А потом я и вовсе уехала к бабушке в глубинку. Ира дважды предлагала жить у них, сразу после развода и позднее, когда сын пошел в садик. Но сначала я не могла смотреть в глаза ни ей, ни ее мужу, зная правду. А спустя время, когда приняла, что ни в чем не виновата, обнаружилось сходство Матвейки с отцом. Конечно же, я не вернулась в Москву.

И наверное уже никогда бы не приехала сюда, если б не Беркутов.

— Все врачи у нас назначены на завтра, сегодня можешь отдыхать. У Иры сейчас более менее нормальное состояние. Это последний раз, когда я смог вселить в нее надежду. Надеюсь, все получится.

— А если нет?

Смотрю на его жесткий профиль. Брови сведены, губы сжаты. Интересно, он вообще улыбается? Помню, на нашей свадьбе ловила в его глазах оттенки иронии, ухмылку на губах. Но прошло около четырех лет, и последние наши встречи какие-то совсем нерадостные.

— Не спрашивай, — произносит он вдруг каким-то безумно уставшим голосом. — Я не знаю.

Ну вот, теперь мне его жалко. С чего бы? Разве не злилась всего пять минут назад?

Отворачиваюсь. Ему эта моя жалость никуда не уперлась. Меньше всего ее от меня ждет.
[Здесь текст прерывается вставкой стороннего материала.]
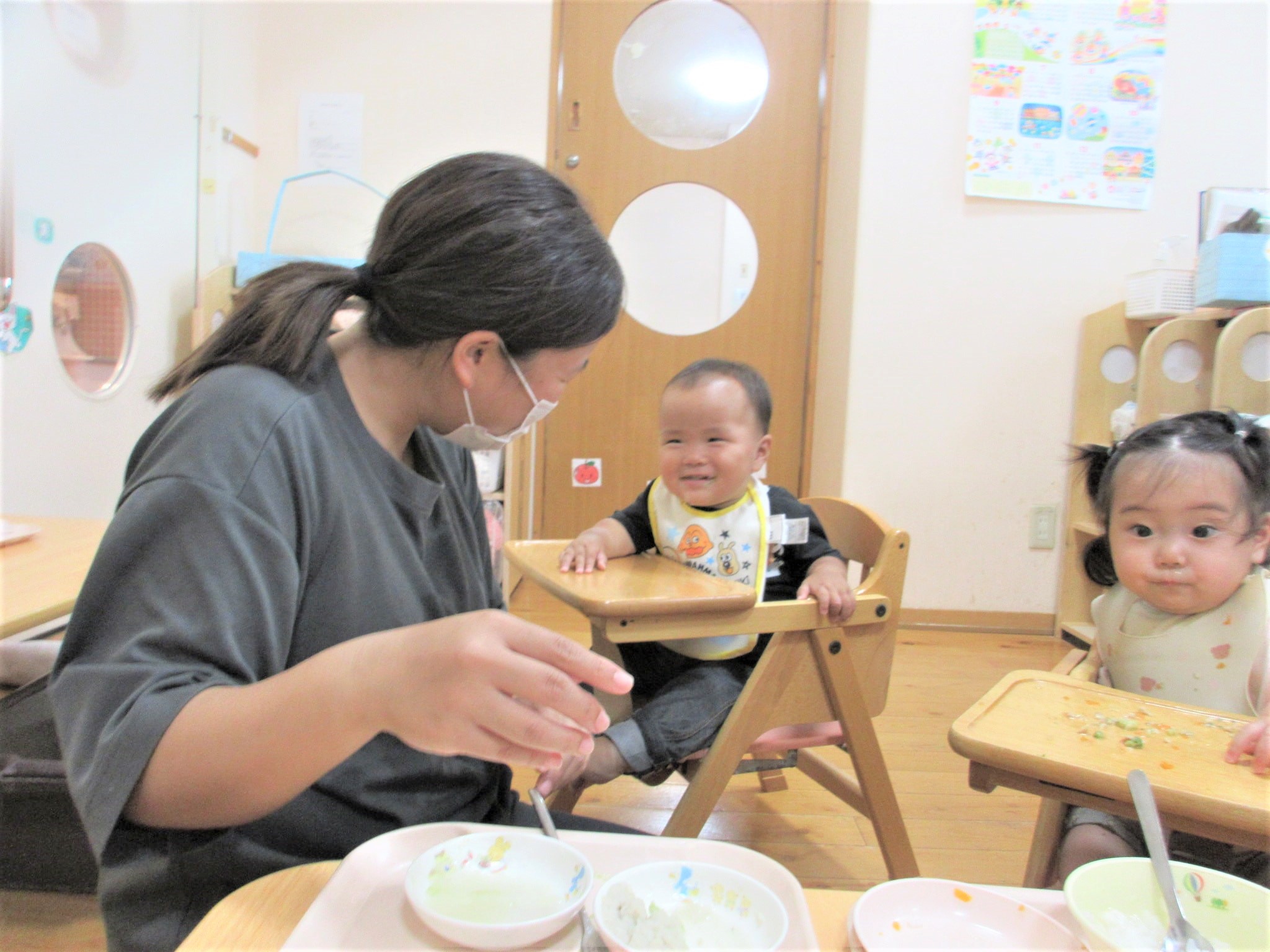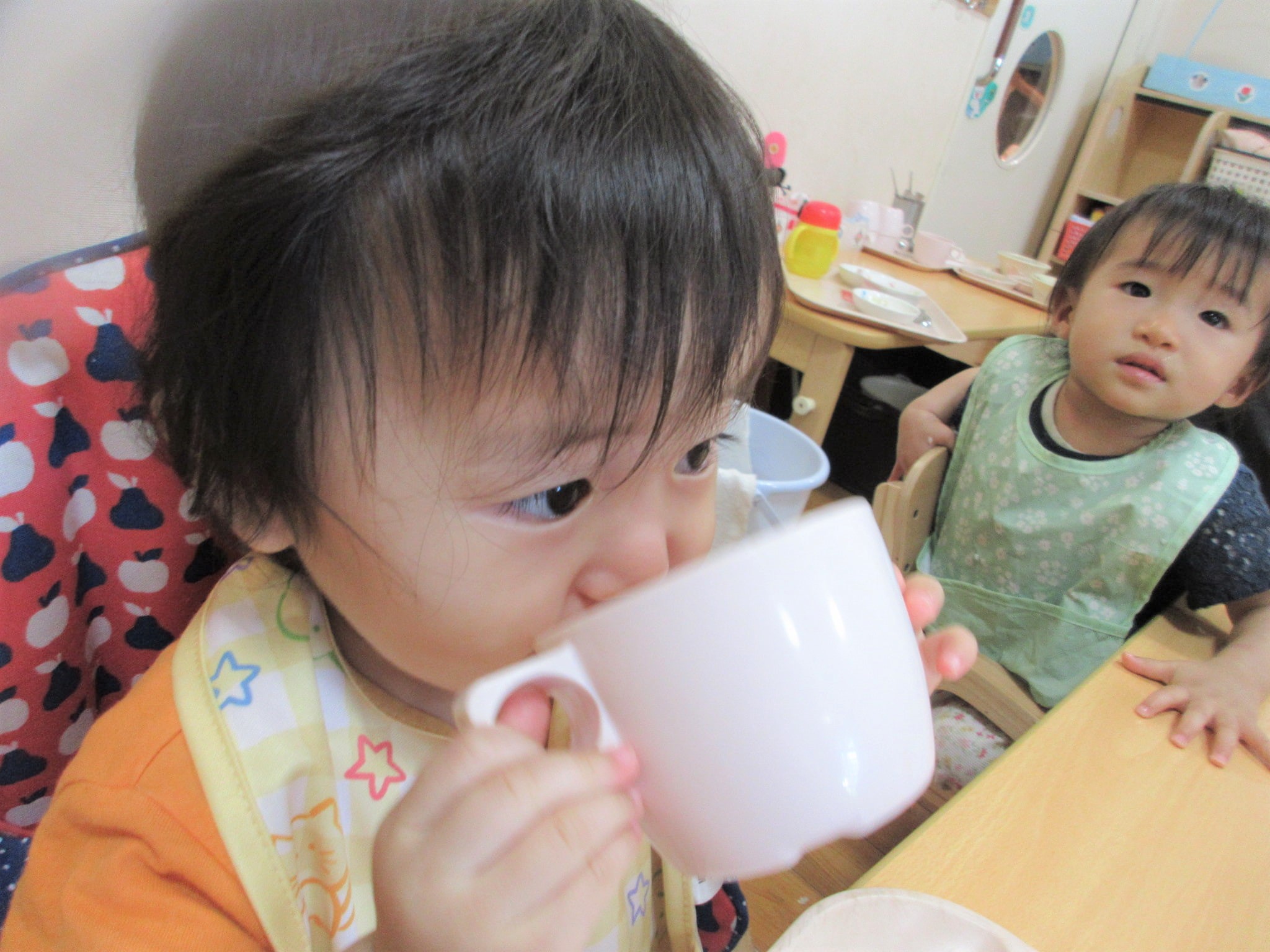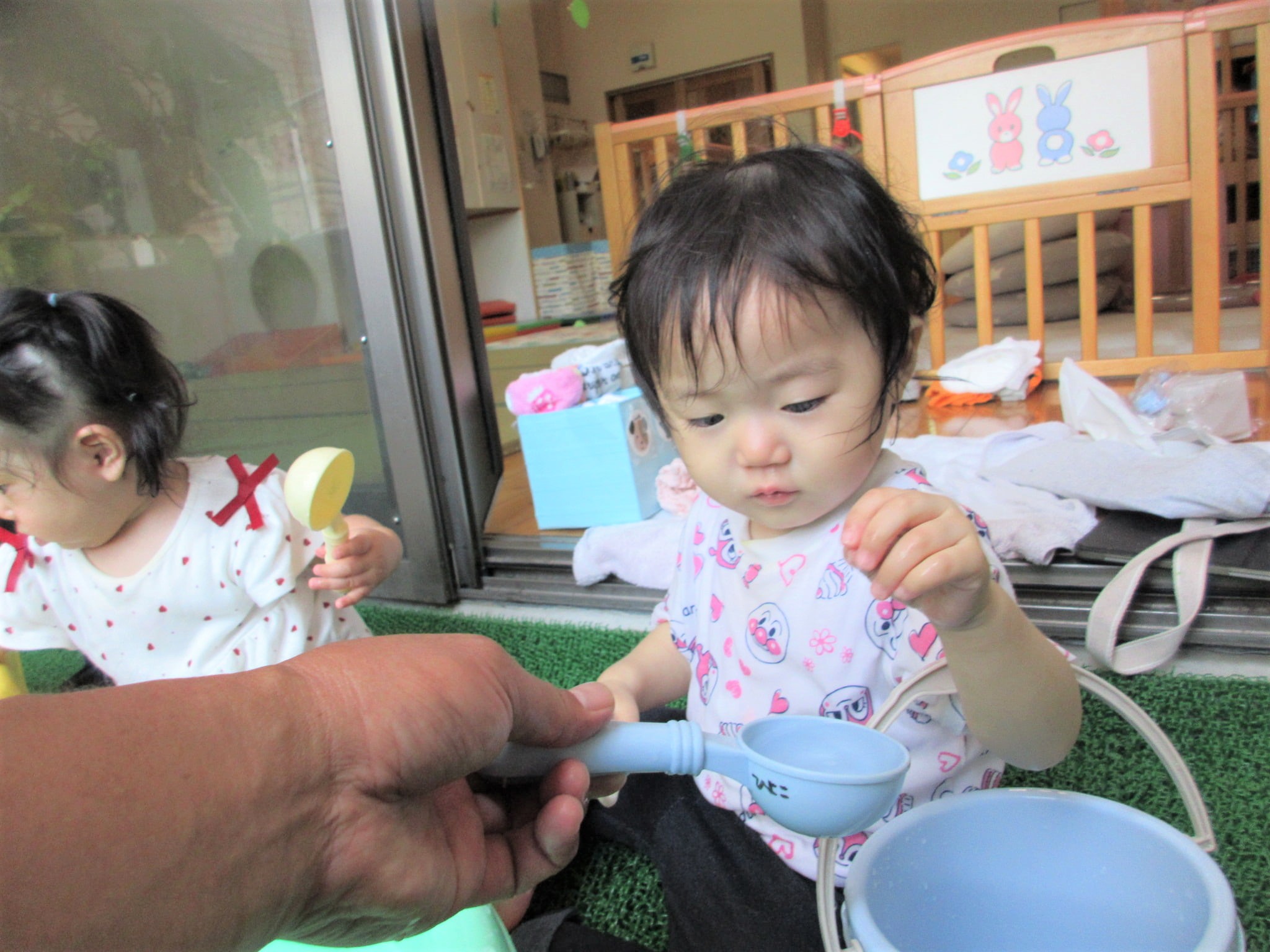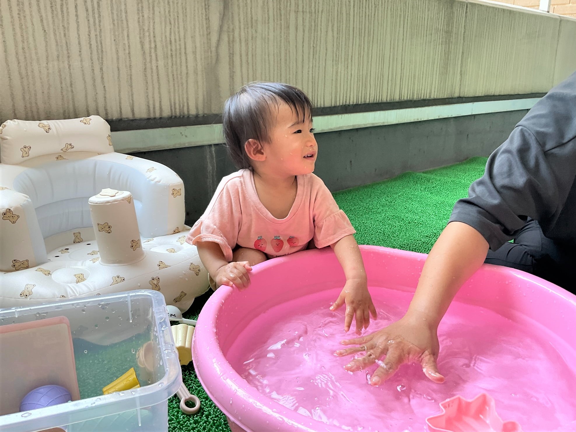 そこから、ひよこ組の部屋をふと見ると、水遊びをしていたので
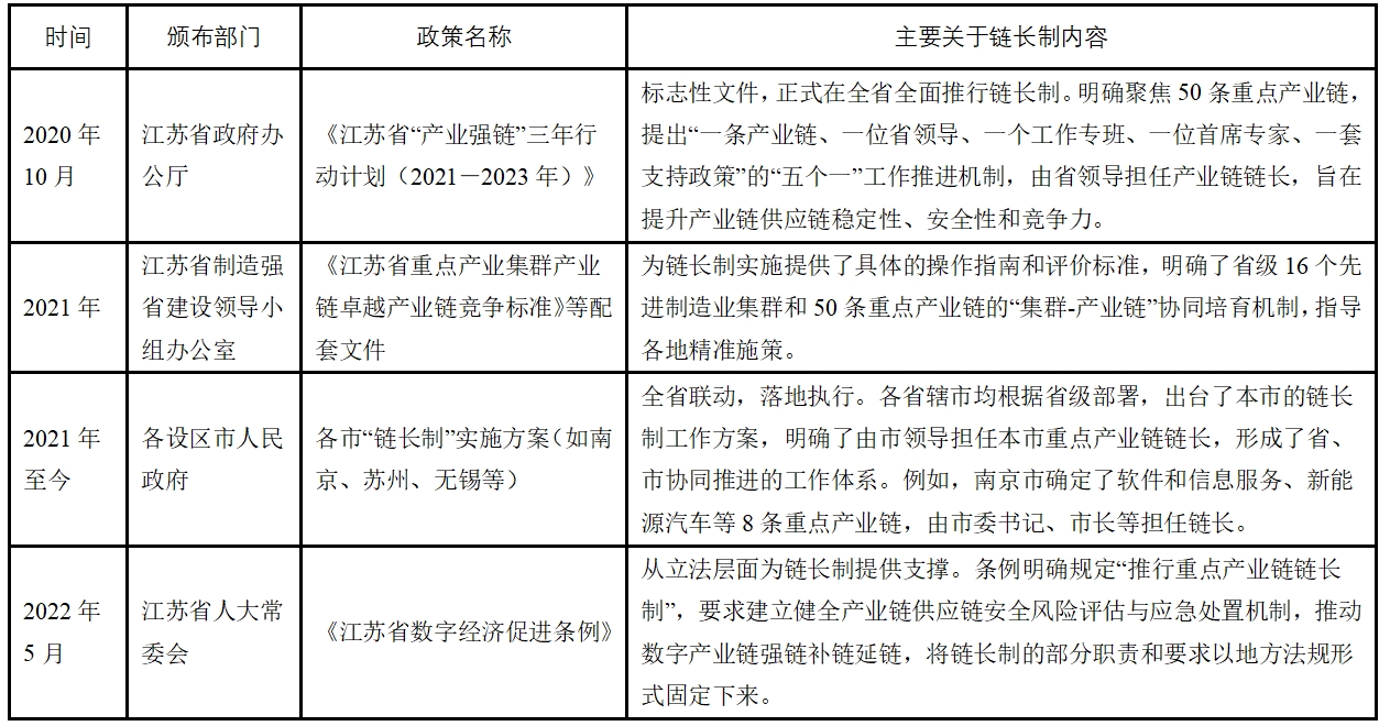 立法保障与战略规划:省委、省政府先后出台《江苏省“产业强链”三年行动计划》、《关于全面提升江苏产业链供应链竞争力的指导意见》等纲领性文件,将链长制工作提升到全省战略高度。

Подъезжаем к дорогому особняку, в котором они живут с самой свадьбы. Тут все немного поменялось с моего последнего посещения, новый более современный ремонт, но в общем-то узнаваемо.

Сестра выходит нас встречать прямо на улицу. И при свете дня я ее не узнаю. Где моя Ира? Ее осталось наверное половина. Худенькая, маленькая, к тому же очень бледная и с тенями под глазами.

Бросаюсь к ней и заключаю в объятьях, как ребёнка. Нет, подростком она и то была поплотнее.

— Привет, дорогая, — выдавливаю сквозь ком в горле.

— Привет. Лерусь, ты все краше, а я вот... - разводит руками.

— Ты как всегда хрупкая, словно фарфоровая статуэтка.

— То же мне статуэтку нашла, – отмахивается, но улыбается, и это радует. – Я так рада, что ты здесь.

Берет меня за руку и тащит в сад. Оглядываюсь и вижу, как Беркутов смотрит на нас. Ловит мой взгляд и резко отворачивается. Передает мои сумки одному из охранников, тот уносит их в дом.

А сам? Неужели за нами последует? Мне бы не хотелось. Я бы с Ирой с глазу на глаз поговорила без свидетелей. Но нет. Заговаривает с другим мужчиной в черном костюме, и они уходят в противоположную сторону.

Ира ведет меня в веранду в большом саду. Усаживает на качели. Сначала болтаем ни о чем. Я рассказываю о бабушке, о Матвейке немного, боясь лишний раз задеть ее больное место.

Внезапно Ира берет мою руку и смотрит в глаза.

— Лер, ты должна знать. Я очень-очень тебе благодарна за эту жертву. Я знаю, как тяжело на такое решиться. Но ты ведь понимаешь, что ребенок хоть и будет расти в тебе, но он будет наш с Вадиком? Я читала, что это сложно принять Помни об одном — я буду его любить как никто другой. Даже ты так не сможешь. Веришь?

4. Глава 3

Смотрю на сестру со смесью жалости и смирения. Сейчас в ее прежде живых глазах мелькает какое-то странное безумие. Вот, о чем Вадим с бабушкой говорили. Ира помешалась на своем желании иметь ребенка. Но вместо того, чтобы ее лечить или образумить, муж ищет любые способы, как осуществить это желание.

Но мне ли судить, правильно оно или нет? У меня-то есть Матвей. А Ира уже никогда не узнает, каково девять месяцев носить в себе малыша, а потом отдать его якобы настоящим родителям. Я, например, не уверена, что буду любить его меньше, чем родного сына.

Может, кто-то и может, когда соглашается на подобное, но не я. Я себя знаю и точно из подобного испытания не выйду без ущерба для психики.

Не отвечаю на вопрос, отвожу взгляд просто глажу ее полупрозрачную кисть. Как же она себя извела. Мы ведь раньше были почти одинакового телосложения. Я правда немного выше, но в остальном похожи. А тут передо мной совсем худенькая тень прежней сестры, ни мышц, ни жирочка, одни косточки. Надо спросить у Беркутова, может, стоит провести полное медицинское обследование? Ненормально так сильно худеть.